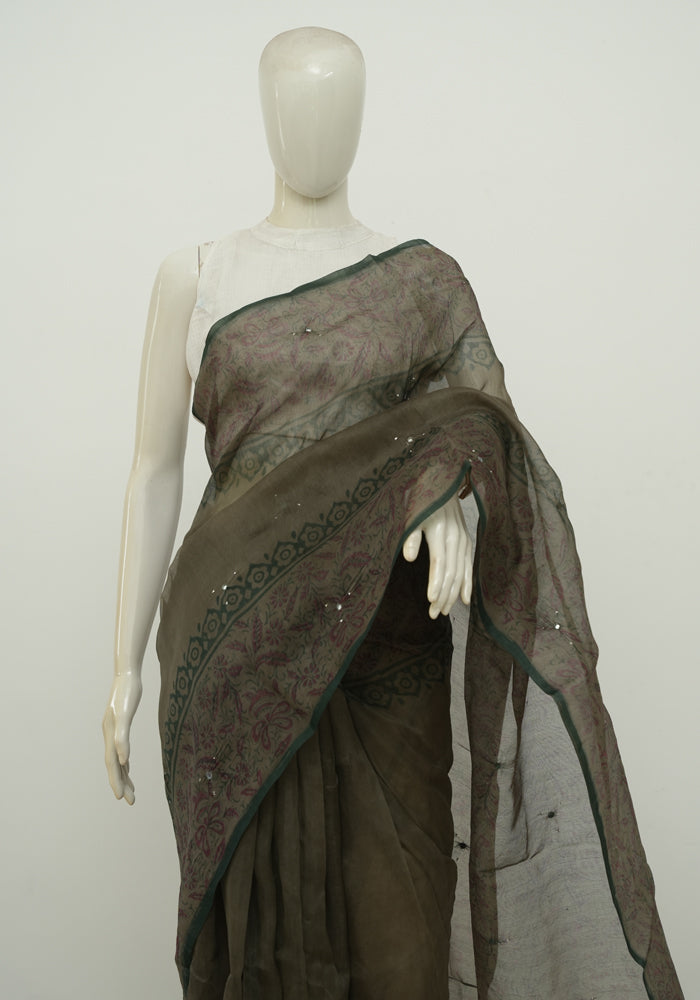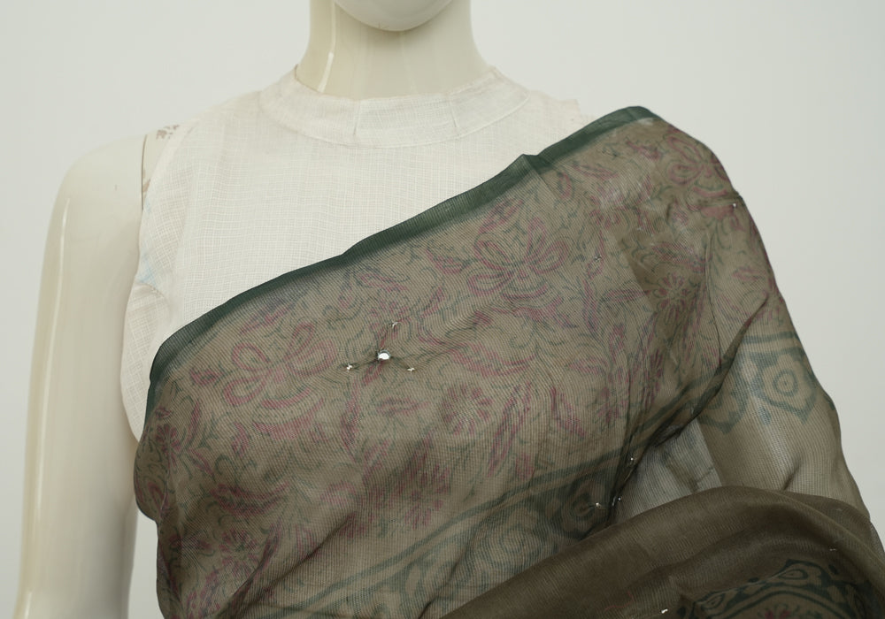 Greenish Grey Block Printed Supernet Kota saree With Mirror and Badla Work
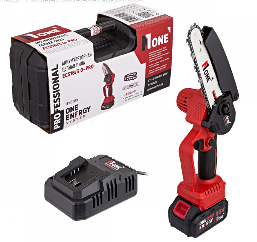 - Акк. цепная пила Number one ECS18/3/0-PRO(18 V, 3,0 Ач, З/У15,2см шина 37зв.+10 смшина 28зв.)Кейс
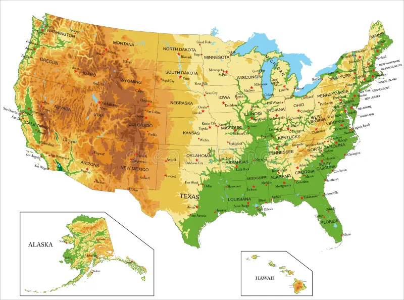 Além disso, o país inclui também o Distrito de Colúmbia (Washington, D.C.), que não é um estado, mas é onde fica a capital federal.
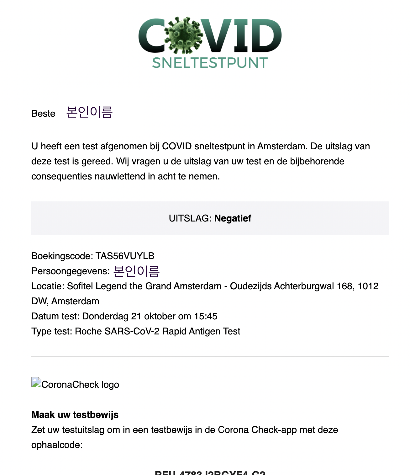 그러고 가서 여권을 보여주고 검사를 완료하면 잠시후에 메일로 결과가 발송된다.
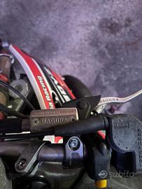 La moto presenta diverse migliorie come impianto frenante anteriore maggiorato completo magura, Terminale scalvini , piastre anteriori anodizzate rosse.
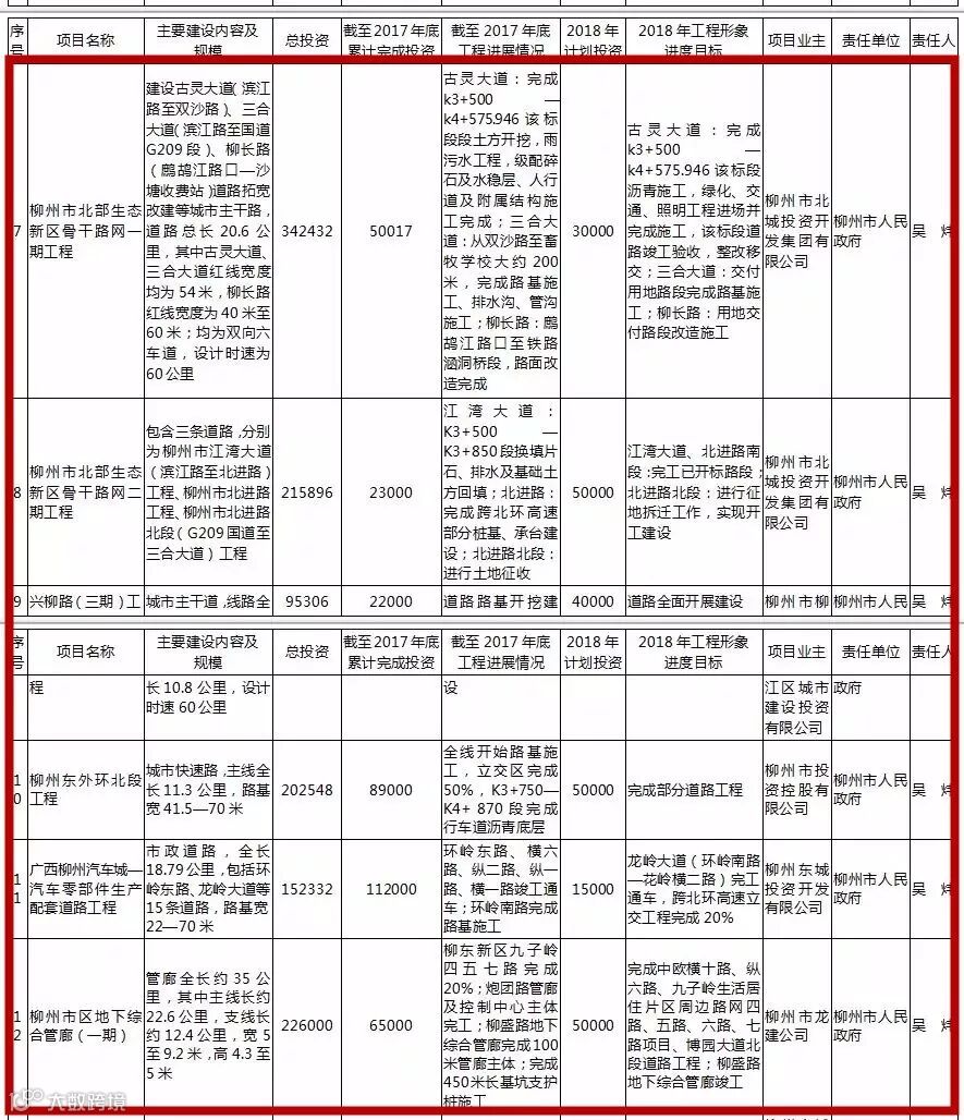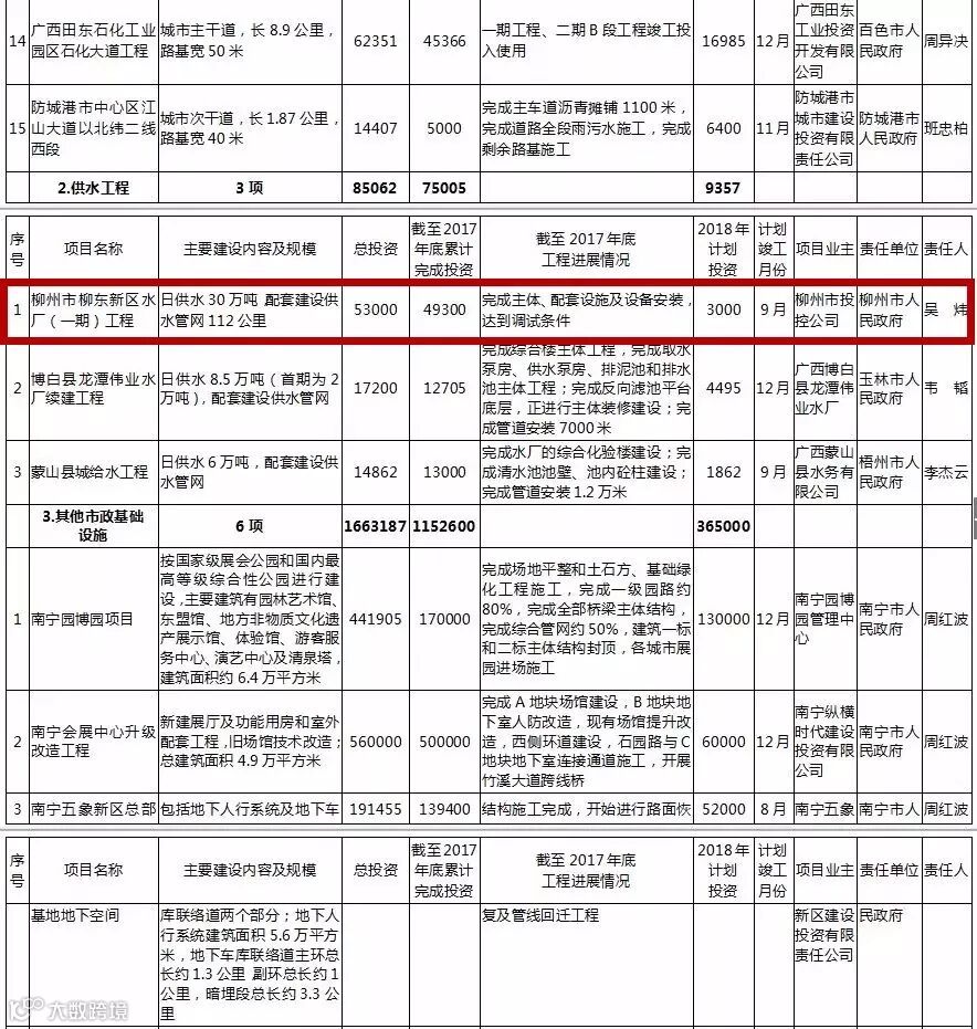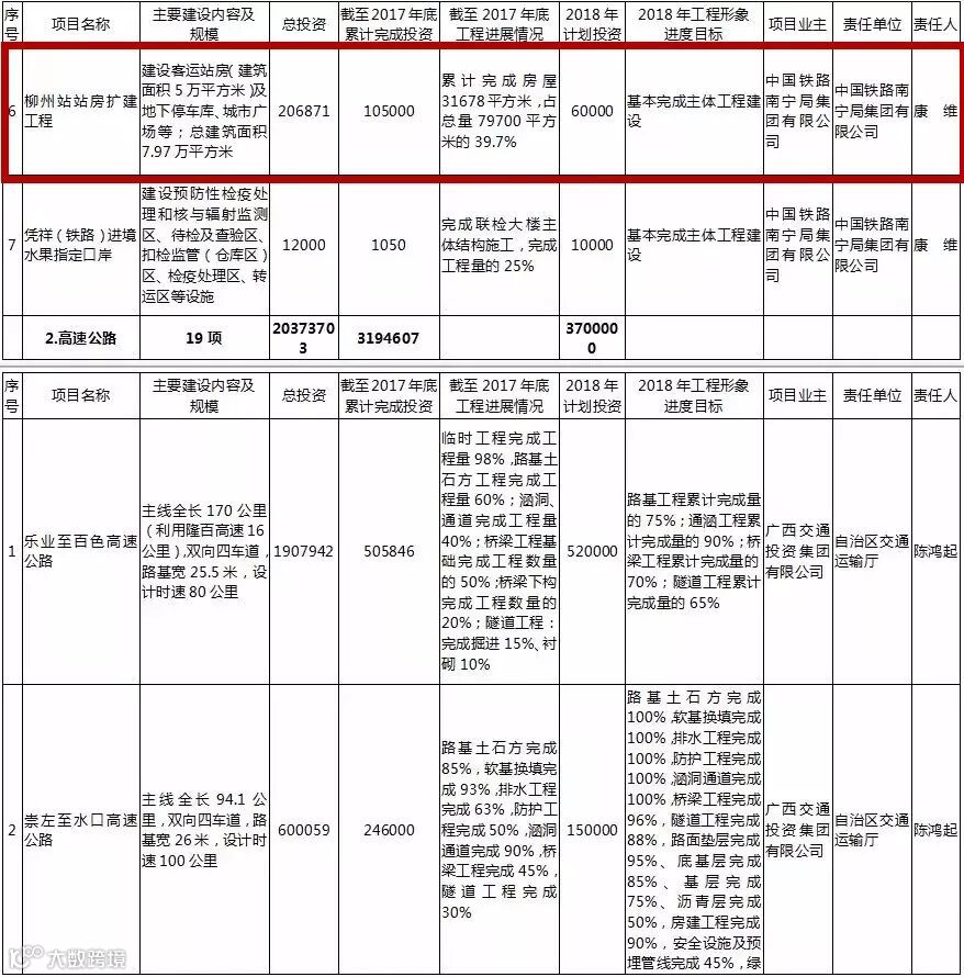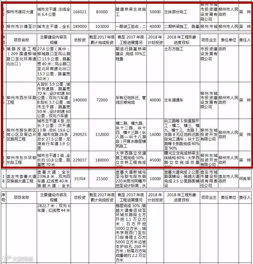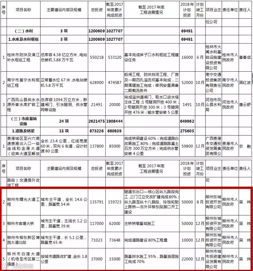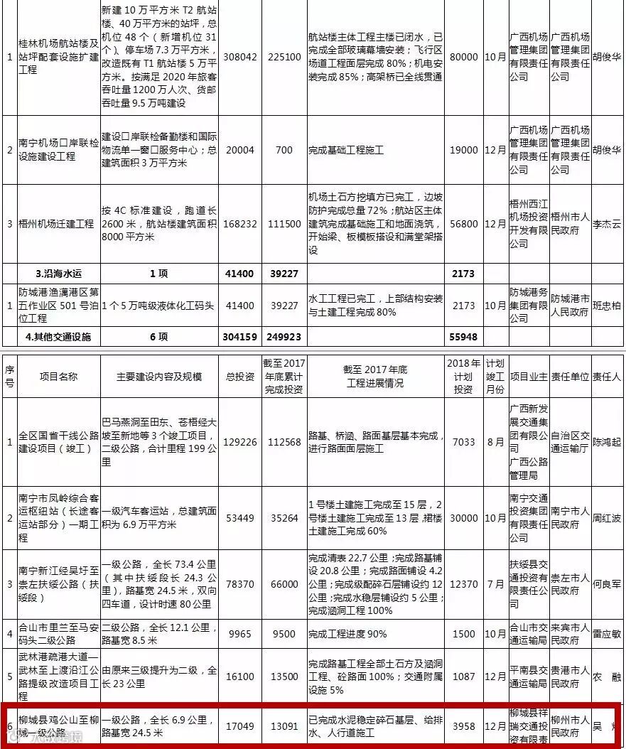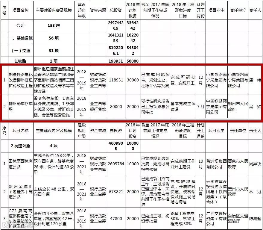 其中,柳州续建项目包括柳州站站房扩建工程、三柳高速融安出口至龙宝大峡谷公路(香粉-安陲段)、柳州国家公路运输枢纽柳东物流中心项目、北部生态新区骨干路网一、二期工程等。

——————————

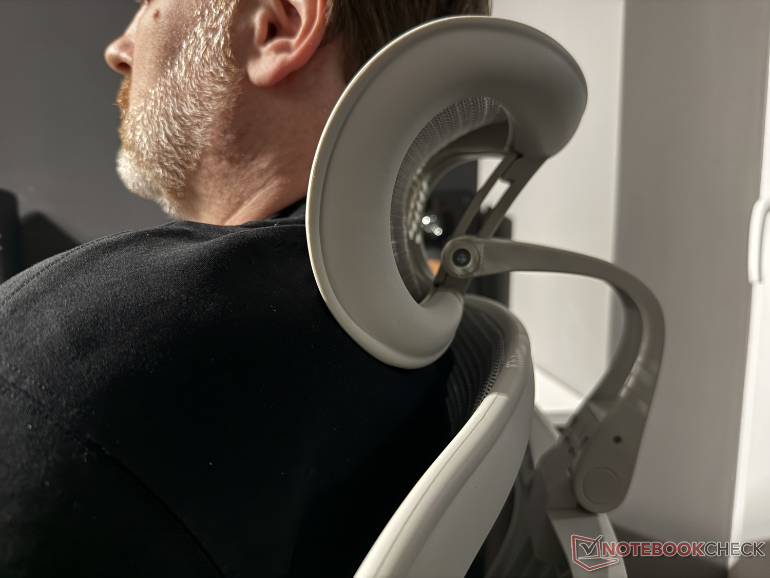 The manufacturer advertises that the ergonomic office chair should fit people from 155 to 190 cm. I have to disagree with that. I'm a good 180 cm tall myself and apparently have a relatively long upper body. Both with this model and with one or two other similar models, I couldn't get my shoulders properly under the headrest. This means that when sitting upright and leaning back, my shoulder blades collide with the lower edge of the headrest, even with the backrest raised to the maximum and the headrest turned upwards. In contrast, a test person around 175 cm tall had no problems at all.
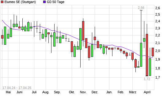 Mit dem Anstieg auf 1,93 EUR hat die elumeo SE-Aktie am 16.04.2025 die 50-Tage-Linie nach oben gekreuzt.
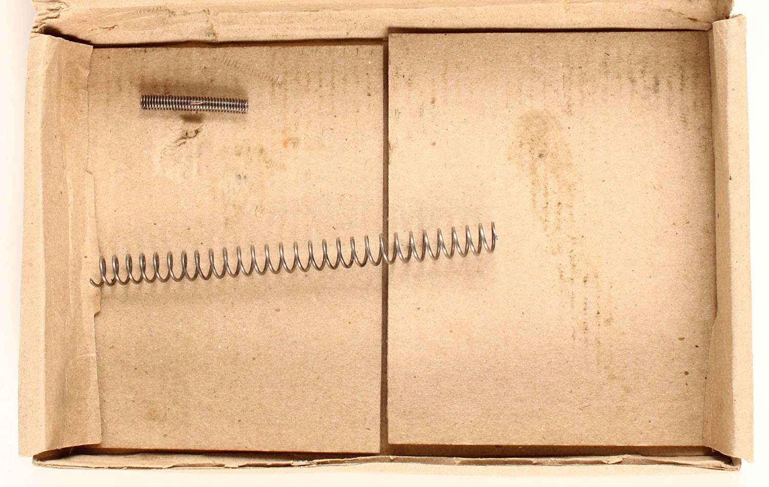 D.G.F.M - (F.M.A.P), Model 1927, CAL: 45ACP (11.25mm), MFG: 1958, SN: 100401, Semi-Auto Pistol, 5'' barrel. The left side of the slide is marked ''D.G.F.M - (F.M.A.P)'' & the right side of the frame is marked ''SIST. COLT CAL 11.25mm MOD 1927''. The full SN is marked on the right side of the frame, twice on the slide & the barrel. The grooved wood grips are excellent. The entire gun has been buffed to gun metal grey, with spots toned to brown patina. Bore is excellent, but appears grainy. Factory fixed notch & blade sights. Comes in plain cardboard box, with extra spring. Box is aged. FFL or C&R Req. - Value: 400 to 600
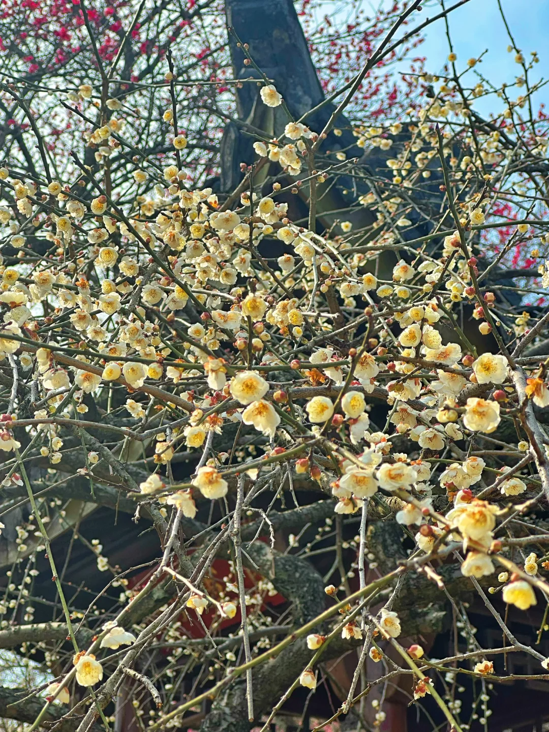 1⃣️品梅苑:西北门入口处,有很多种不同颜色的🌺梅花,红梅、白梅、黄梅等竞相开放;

——————————

■ **Work order**
Between and including the line with "D.G.F.M - (F.M.A.P), Model" and the line with "1⃣️品梅苑:西北门入口处,有很多种不同", repeat every line exactly as it appears above, with pictures left out.

■ **Solution**
 D.G.F.M - (F.M.A.P), Model 1927, CAL: 45ACP (11.25mm), MFG: 1958, SN: 100401, Semi-Auto Pistol, 5'' barrel. The left side of the slide is marked ''D.G.F.M - (F.M.A.P)'' & the right side of the frame is marked ''SIST. COLT CAL 11.25mm MOD 1927''. The full SN is marked on the right side of the frame, twice on the slide & the barrel. The grooved wood grips are excellent. The entire gun has been buffed to gun metal grey, with spots toned to brown patina. Bore is excellent, but appears grainy. Factory fixed notch & blade sights. Comes in plain cardboard box, with extra spring. Box is aged. FFL or C&R Req. - Value: 400 to 600
 1⃣️品梅苑:西北门入口处,有很多种不同颜色的🌺梅花,红梅、白梅、黄梅等竞相开放;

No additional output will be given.